III 375, consid. 4.3.1 e sentenza del Tribunale federale 5A_247/2013 del 15

ottobre 2013, consid. 3.3). Doglianze generiche e

recriminazioni di carattere generale non sono sufficienti, come non basta

ripetere nel reclamo le argomentazioni esposte in prima sede. Solo a tali

condizioni è possibile entrare nel merito del ricorso, poiché giudicare un reclamo

non significa rifare il processo di primo grado, ma verificare se la sentenza

impugnata resista alla critica.

b) Nel

reclamo in esame RE 1 non si confronta con la motivazione della decisione

impugnata, limitandosi a criticare il comportamento della controparte. Il

reclamo si avvera quindi irricevibile.

2.

Ad

ogni modo, la sentenza impugnata è ineccepibile.

2.1

In

effetti, la procedura di rigetto è una procedura documentale (Aktenprozess), il

cui scopo non è di accertare l’esistenza del credito posto in esecuzione, bensì

l’esistenza di un titolo esecutivo (DTF 132 III 142, consid. 4.1.1). Il giudice

è quindi tenuto a pronunciare il rigetto definitivo dell’opposizione ove il

credito posto in esecuzione sia fondato su una decisione giudiziaria esecutiva

o un titolo parificato (art. 80 LEF), a meno che l’escusso provi con documenti

che dopo l’emanazione della decisione il debito è stato estinto, il termine per

il pagamento è stato prorogato o che è intervenuta la prescrizione (art. 81

LEF).

2.2

Ora,

il punto 3 della convenzione sottoscritta dalle parti all’udien­­za del 6

luglio 2017, in quanto omologato dal Pretore aggiunto della Pretura di Lugano

con sentenza del 19 settembre 2017 (doc. A accluso all’istanza), costituisce un

valido titolo di rigetto definitivo per la prima rata di fr. 32'000.–

scaduta il 31 dicembre 2017, oltre agli interessi di mora del 5% (art. 104 cpv.

1.

CO) dal 1° gennaio 2018 (sentenza del Tribunale federale

5A_630/2015 del 9 febbraio 2016 consid.

2.2

). E le censure formulate dal reclamante,

peraltro senza il sostegno di prove, sul comportamento dell’ex moglie, di cui

egli sarebbe venuto a conoscenza dopo la sentenza di divorzio, non rientrano

tra quelle enumerate all’art. 81 LEF. Egli avrebbe dovuto, semmai, sollevarle con

un’istanza di revisione della sentenza di divorzio (art. 328 cpv. 1 lett. c

CPC). Non spetta in ogni caso al giudice del rigetto riesaminare la sentenza di

divorzio nel merito.

3.

La tassa del presente giudizio, stabilita

in applicazione degli art. 48 e 61 cpv. 1 OTLEF (RS 281.35), segue la soccombenza

(art. 106 cpv. 1 CPC). Non si pone invece problema di ripetibili, la

controparte, cui il reclamo non è stato notificato per osservazioni, non

essendo incorsa in spese in questa sede.

4.

Circa i rimedi esperibili sul piano

federale (art. 112 cpv. 1 lett. d LTF), il valore litigioso, di fr. 32'000.–,

raggiunge la soglia di fr. 30'000.– ai fini dell’art.

74.

cpv. 1 lett. b LTF.

Dispositivo

Per questi motivi,

pronuncia: 1. Il reclamo è irricevibile.

2. Le

spese processuali di complessivi fr. 250.– relative al presente giudizio,

già anticipate dal reclamante, sono poste a suo carico.

3. Notificazione a:

– ;

– .

Comunicazione

alla Pretura del Distretto di Lugano, sezione 5.

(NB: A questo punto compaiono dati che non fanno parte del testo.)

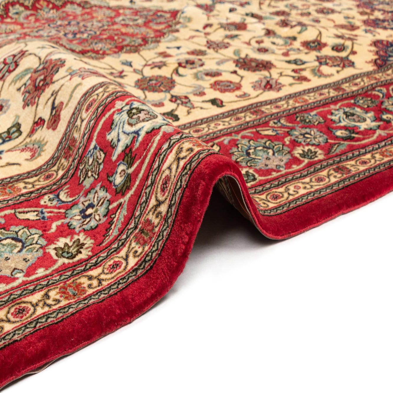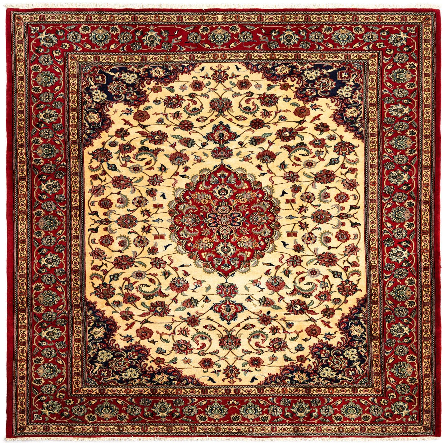 A 6x9 rectangular Persian rug with a cream field, red border, and intricate floral medallion pattern.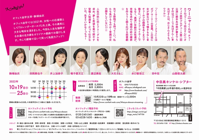 オフィス由宇では2021年、女性への応援歌として『カレンダーガールズ』公演をプロデュース。その勇気に大きな喝采を頂きました。今回も人生を謳歌する女達の生き様をオリジナル戯曲でお届けします。今こそ劇場で泣いて笑って免疫力アップ!

Per la Camera di esecuzione e fallimenti del

Tribunale d’appello

Il presidente La

vicecancelliera

Rimedi giuridici

Contro la presente decisione è possibile presentare

ricorso in materia civile (art. 72 cpv. 2 lett. a LTF) al Tribunale federale,

1000 Losanna 14, entro 30 giorni dalla notificazione (art. 100 cpv. 1 LTF). Il

termine di ricorso è sospeso durante le ferie giudiziarie (art. 46 cpv. 1 LTF).